“REMARKS”

A Special Feature: Modernism

Editorial Introduction

by
Jacob Schepers

Why modernism? And why now?

For everything that literary modernism meant, means, and might mean, Sara and I were primarily interested in exploring how critical-adjacent essayistic writing might take shape within ballast’s contemporary online venue and context. Yes, when settling on our name for this venture three (!) years ago, it wasn’t lost on either of us that ballast shared a certain lineage with the little magazines circulating in the modernist era–Wyndham Lewis and the Vorticist’s BLAST perhaps the most readymade nomenclature to ballast itself. While we disavow the nationalist, militant, and mercenary impulses of that publication, I for one can get behind BLAST’s manifesto to deem things to be “cursed,” “blessed,” and “blasted” in the aesthetic sense insofar as critical labels can and should transcend easy objective categorization and classist sensibilities among the low-, middle-, and high-brow.

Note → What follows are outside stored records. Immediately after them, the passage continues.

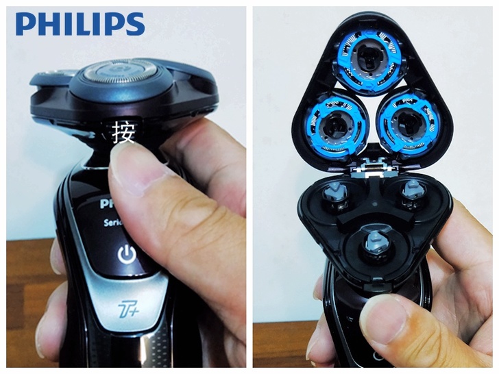 ▲S5510電鬍刀的刀頭部分可以開啟,刀網跟刀片都可以拆下清洗。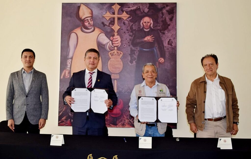 Morelia, Mich., 21 de noviembre del 2022.- La Universidad Michoacana de San Nicolás de Hidalgo (UMSNH) y la Comisión Forestal del Estado (COFOM) signaron un convenio marco de colaboración en materia académica, científica y cultural, a fin de realizar actividades conjuntas que permitan impulsar y fortalecer el desarrollo y aprovechamiento sustentable de los recursos forestales en el estado, así como propiciar la formación e intercambio de recursos humanos y el desarrollo de investigaciones conjuntas.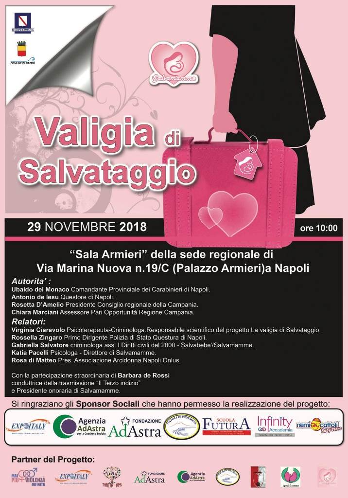 NAPOLI – Il 29 novembre 2018, a Napoli, nella sala Armieri, alle ore 10.00, si terrà la conferenza stampa per la presentazione del progetto ” La valigia di salvataggio” progetto rivolto a tutte le donne costrette a scappare all’improvviso, di fronte ad agiti aggressivi di partner maltrattanti creato dall’Associazione Salvamamme. L’idea progettuale è stata fortemente voluta dalla Regione Campania, che ha dato il Patrocinio Morale, nella figura dell’assessore alle Pari Opportunità Chiara Marciani, durante la conferenza stampa verrà presentata la Valigia nella sua complessità dall’ associazione che si occupa di fornire a queste donne una valigia contenente oggetti di prima necessità e giochi per i bambini, per rendere meno traumatizzante ed estranea la permanenza in una casa rifugio. Vista l’importanza del progetto è stato stilato un Protocollo d’Intesa con la Questura di Napoli, nella figura del dott. Antonio de Iesu. Alla conferenza stampa, per spiegare il tutto nel dettaglio, saranno presenti: la Presidente regionale Rosetta D’Amelio, il Comandante provinciale dei Carabinieri di Napoli Ubaldo del Monaco, la dirigente della Questura di Napoli Rossella Zingaro, la Responsabile tecnico scientifico del progetto Virginia Ciaravolo, Gabriella Salvatore e Katia Pacelli Salvamamme della sede nazionale di Roma, e Rosa di Matteo Arcidonna onlus Napoli. L’evento vedrà la straordinaria partecipazione dell’attrice Barbara de Rossi, Presidente onoraria e testimonial del progetto, e dei numerosi sponsor e partner campani che hanno permesso al progetto di poter muovere i primi passi su Napoli e di poter davvero combattere la violenza di genere, con concretezza per aiutare queste donne a non dover più tornare

In that spirit, we’re excited to taxi our first “REMARKS” special feature onto ballast 3.4’s runway. Our two essays, Daniel Barbiero’s deep dive into André Breton’s “exilic” period(s) and Robert Savino Oventile’s expansive inquiry into the thresholds at work in Hart Crane’s White Buildings, serve as phenomenal entries for this new foray for us, and I thank them for their trust in us and for their willingness to participate and in this editorial subventure.

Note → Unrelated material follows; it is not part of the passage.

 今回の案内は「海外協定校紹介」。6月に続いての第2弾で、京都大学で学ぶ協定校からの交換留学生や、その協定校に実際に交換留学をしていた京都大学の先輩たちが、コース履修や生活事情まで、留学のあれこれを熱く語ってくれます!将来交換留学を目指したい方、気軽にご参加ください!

I’ll let the essays speak for themselves, but I will take a brief moment to highlight the need for such long views in our present times. A small grace in our uncertain and weary moment, but I was happy for the chance to revisit Hart Crane’s “Chaplinesque” with Oventile jogging my memory; I’ll sign off with that poem’s two opening stanzas.

We make our meek adjustments,
Contented with such random consolations
As the wind deposits
In slithered and too ample pockets.

For we can still love the world, who find
A famished kitten on the step, and know
Recesses for it from the fury of the street,
Or warm torn elbow coverts.

(Hart Crane, “Chaplinesque” lines 1-8)

Take care of yourselves and one another. And thanks for reading.

–Jacob Schepers, for ballast

Jacob Schepers co-edits ballast with Sara Judy.